That line of thinking is half right.  Canada is part of an integrated North American market but 1) to-date the vehicle manufacturers have gotten off easier in Canada than in the US and 2) Canada does have option of more stringent stipulations within the North American framework.

What is a Corporate Average Fuel Economy (CAFE)
To put the above considerations in context, thus far what has been the same in Canada as in the US, are the obligations that each vehicle manufacturer must comply with corporate average fuel economy (CAFE) standards, standards which each year incrementally decrease the required average fuel consumption of vehicles sold.

These CAFE standards are sales-weighted, which is to say, that a CAFE year-specific goal represents the mandatory minimum average fuel consumption for all vehicles sold by a given manufacturer, in a given country, in a given year.  Thus, the greater the proportion of sales associated with the high energy consuming models, the worse will be a manufacturer's CAFE and the more difficult it would be for the manufacturer in question to comply with the CAFE standard for the year concerned.

At least, this is the way things stand prior to 2016.

The new US Corporate Average Fuel Economy (CAFE) legislation which comes into effect for the 2016 to 2025 period is written in a way that allows a corporate compliance target to be moving target.  That is, should the manufacturer sell a "higher than expected" number of larger (higher fuel consumption) vehicles, that manufacturer would be have the "privilege" of having a higher than desired average fuel consumption compliance target.

Unfortunately, Canada has adopted the above-described new US CAFE formula while continuing to leave more wiggle room for manufacturers under the Canadian CAFE than under it's US counterpart.  As a result, the Canadian approach risks encouraging the dumping/marketing of the larger vehicles on the Canadian market.

By contrast, as outlined in the Made in Canada section of the article, there are options for Canada to have more stringent requirements than the US, without any of the constraints associated with the integrated North American market, and consistent with the actions of 8 US states.


Canadian Fuel Consumption Numbers Not the Same as the US for the Same Models:
Implications for CAFE Compliance and Information Provided to Consumers
The following are the reasons behind the Canadian CAFE more lenient than that of the US CAFE.

To begin, the fuel consumption figures used to determine a manufacturer's compliance or non-compliance with CAFE targets are not the same in the US and Canada.  The Canadian numbers highly exaggerate what one can expect on the road, while the US numbers are not far off from what the consumer can expect under SUMMER driving conditions.

In the US, the formula for churning out the numbers is based on a combination of test results that are subject to mathematical calibrations to reflect the on the road experiences of consumers.

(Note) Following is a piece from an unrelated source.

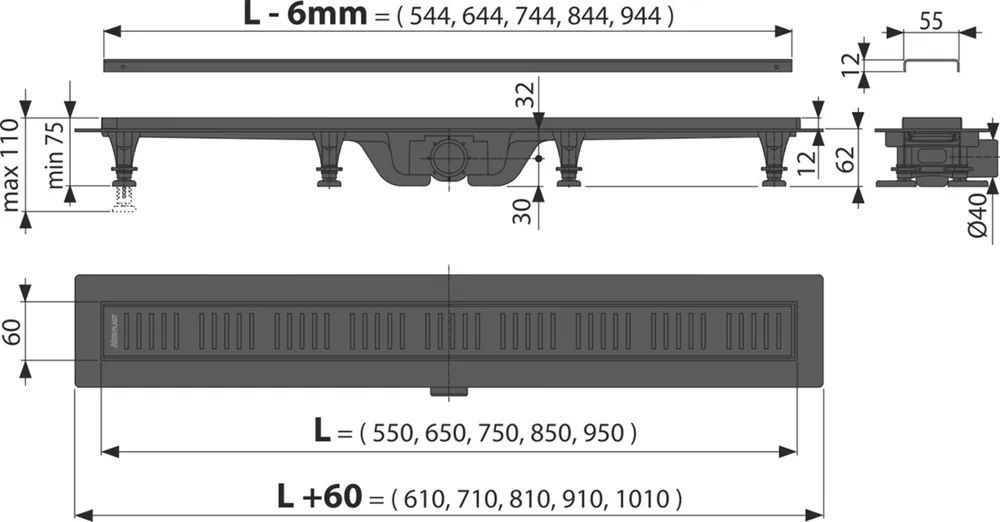 Характеристики трап линейный Alcadrain (APZ10BLACK-950M)

Furthermore, in the US, though the manufacturers are responsible for doing the testing, to keep them honest, the US Environmental Protection Agency randomly tests about 15% of the models.  This aspect of the US system seems to work quite well.

However, in Canada the manufacturers do their own testing and their data is not verified by the Government of Canada.  This is how we end up with vehicles rated as having exceptionally better fuel economy in Canada than the very same models in the US.

The implications are that 1) the calculation of a manufacturer's year-specific Canadian CAFE is not reliable 2) it is easier for a manufacturer to comply with a Canadian CAFE target for a the year in question than it is to comply with the identical US CAFE target for the same year and 3) Canadian consumers are mislead as to the fuel consumption to be expected for the models on our market.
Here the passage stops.